One must imagine Sisyphus tired
I recently got a response from an agent that pushed me to try something different with my first book, Experimenting with Absurdism. What exactly, I have no clue. Here’s what I’ve done with this god-forsaken book so far:
March - August 2021: Wrote the first draft
August 2021: Queried about 20 agents
September - December 2022: Received trickling rejections and partial requests
December 2022: Queried a few more agents
January 2023: Got a rejection that made me rethink everything
February 2023: Started revising and resisted urges to delete the whole file, or publish it all on a daily Substack.
I’m fuckin’ sick of this book at this point. Here’s the response I received last month from an agent:
Many thanks for your submission. I really liked this idea but unfortunately I will have to pass on this occasion as I didn’t connect with the material in the way I had hoped. Another agent will of course feel differently but for me it’s so important that as an agent I am passionate about every project I take on (while leaving room for the inherent absurdism & futility of the book industry of course!).
All the very best of luck,
Typically, you’re not supposed to reply to rejection letters, but I just needed to do this just once:
Thank you for letting me know!

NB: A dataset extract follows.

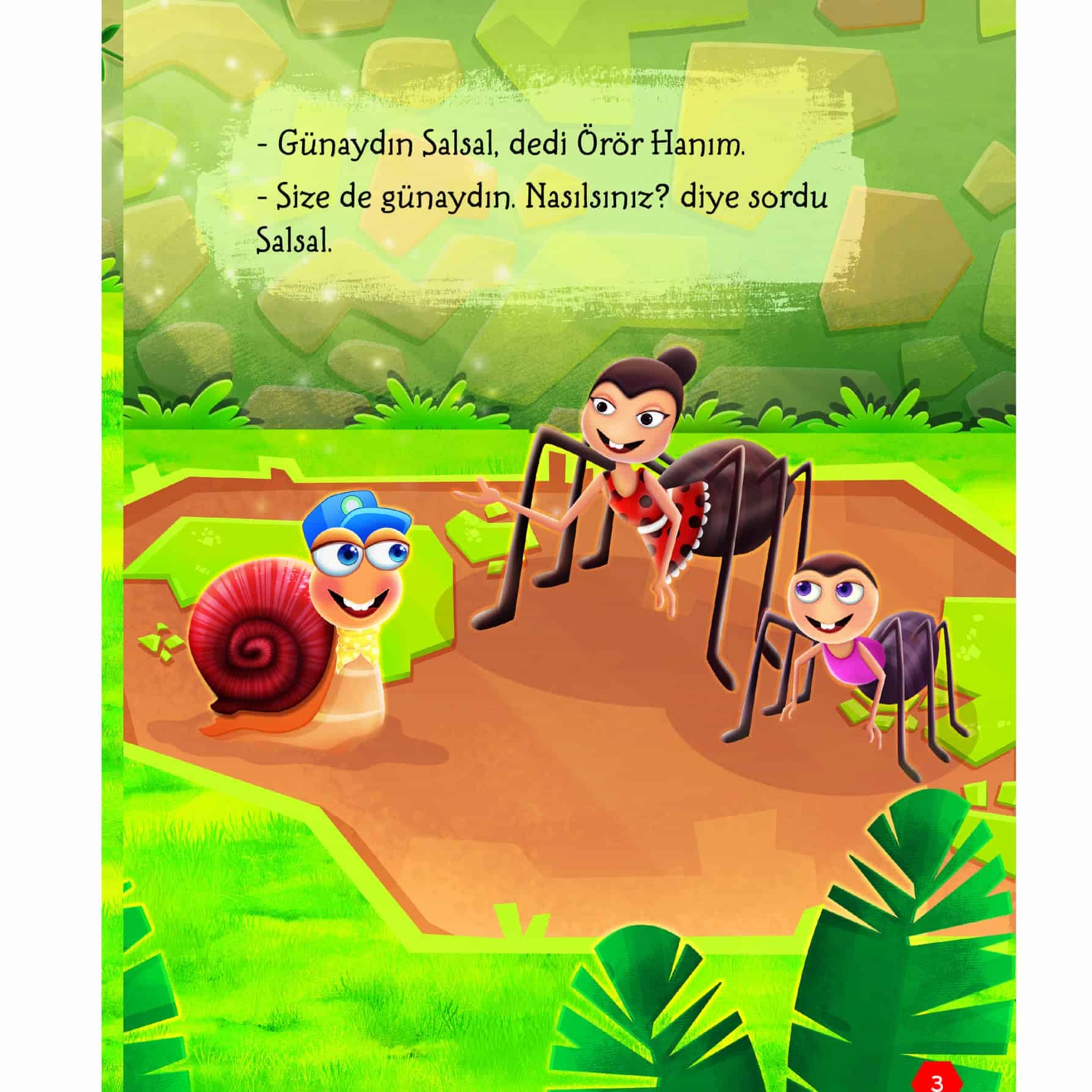Meraklı Salsal kardeşi, annesi ve babasıyla yemyeşil bir ormanda yaşıyor. Biraz saf, biraz meraklı... Bazen muzır, bazen çok uslu... Yani tüm minik salyangozlar gibi... Araştırmayı çok seviyor, hayatı yeni yeni öğreniyor. Bu kitaplarda Salsal'ın yaramazlıklarına, deneyimlerine, öğrendiklerine şahit olacaksınız. Onun saf soruları, endişeleri, arkadaşlarıyla yaşadığı maceralar hepinizi çok eğlendirecek!
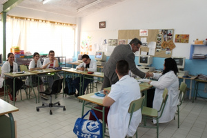Tras la visita por las diferentes aulas, las autoridades han inaugurado las dos pistas de petanca y observado cómo los alumnos y profesores han echado una partida en colaboración con el Club de Petanca de Alcalá de Guadaíra, que han enseñado esta práctica deportiva a los alumnos dentro del programa de difusión de este deporte entre escolares.

I know it’s not typical to reply to a rejection, but for some reason, I feel compelled to ask if there's anything you'd suggest doing differently as I edit this project?
Her response made me realize that no agent is going to get it:
I don’t usually give more detailed feedback (because time!) but briefly I think the tone could be more formal (different mediums so online register doesn’t transfer to books necessarily) and I think I would have liked more science foregrounded actually!
She didn’t get it.
And I don’t blame her. I don’t get it.